Understanding Hanafi Usul: Nasafi’s Manar Explained
Understanding Hanafi Usul: Nasafi’s Manar Explained
The Divine has communicated the sacred law to us through revelation, the Quran and Sunnah. Words, as carriers of meaning, require understanding and, at times, interpretation. In the Islamic scholarly tradition, the principles and art of reliably understanding what God wants of humans is known as usul al-fiqh, or the foundations of jurisprudence. The science of usul al-fiqh is itself a foundational discipline, one which provides the intellectual and linguistic foundations for the whole process of deriving fiqh primarily from revelatory sources.
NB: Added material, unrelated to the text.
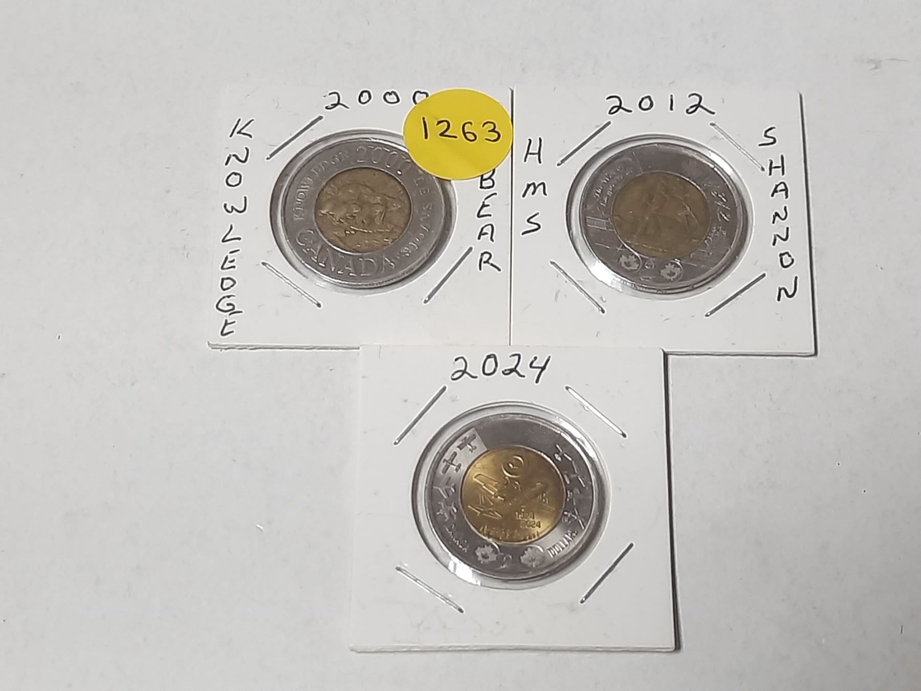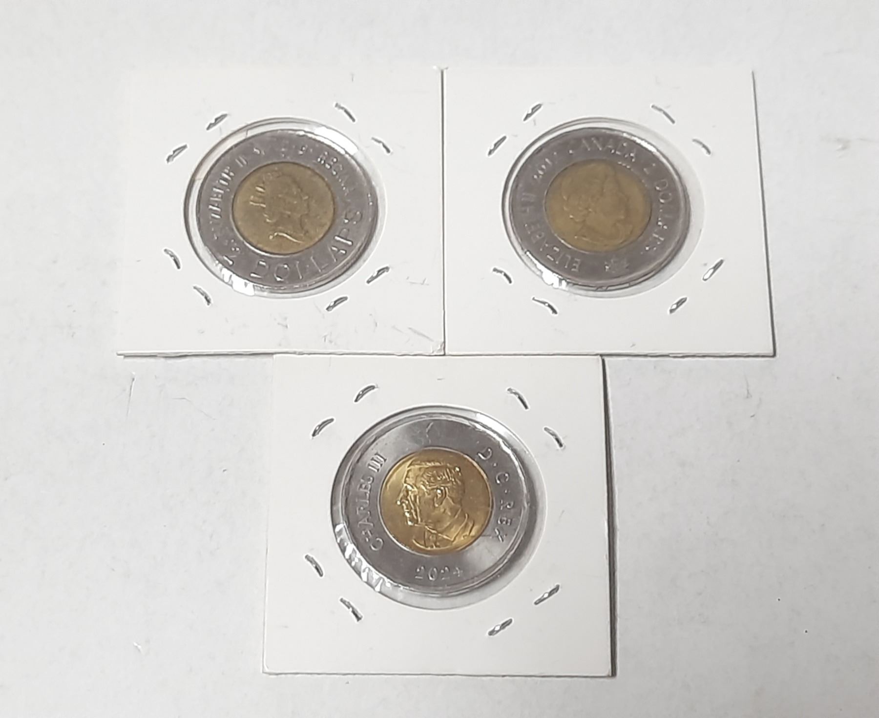 2000 "Knowledge", 2012 HMS Shannon Frigat, 2024 Air Force (RCAF) (Uncolured) Canadian Two Dollar Coins.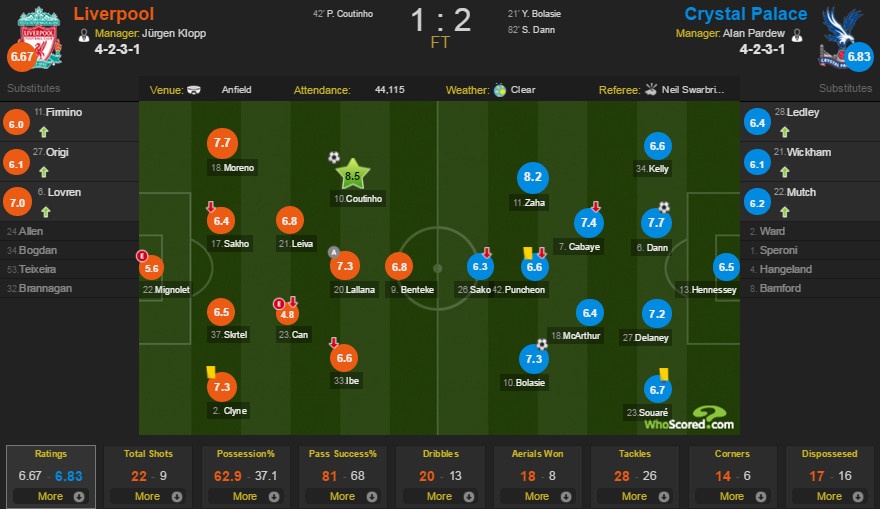 Dẫu vậy, bàn thắng ấn định chiến thắng 2-1 của Palace lại xuất phát từ tình huống cố định. Trong nỗ lực lên tham gia tấn công ở phút 82, trung vệ Scott Dann thực hiện liên tiếp 2 pha đánh đầu khiến thủ thành Mignolet không kịp trở tay.

Without this foundational knowledge, words can appear contradictory; individuals could make unfounded claims about what the Quran or Sunnah is saying; the particular rulings of fiqh become unrooted and seemingly arbitrary without their broader framework; and the very basis of the Islamic tradition and its approach to life can be put into question by proponents of modernism and other ideologies or blameworthy innovations. This is why the study of Islamic law and moral theology (fiqh), by itself, is never enough: the true student of the Islamic scholarly tradition cannot do without the foundational sciences, the primary of which is usul al-fiqh. In this course, we will study one of the classics of this discipline—namely, the Manar of Imam Abu al-Barakat al-Nasafi. The course will introduce students to the entire range of major questions in usul al-fiqh, with particular attention paid to the principles and tools of linguistic interpretation and hermeneutics.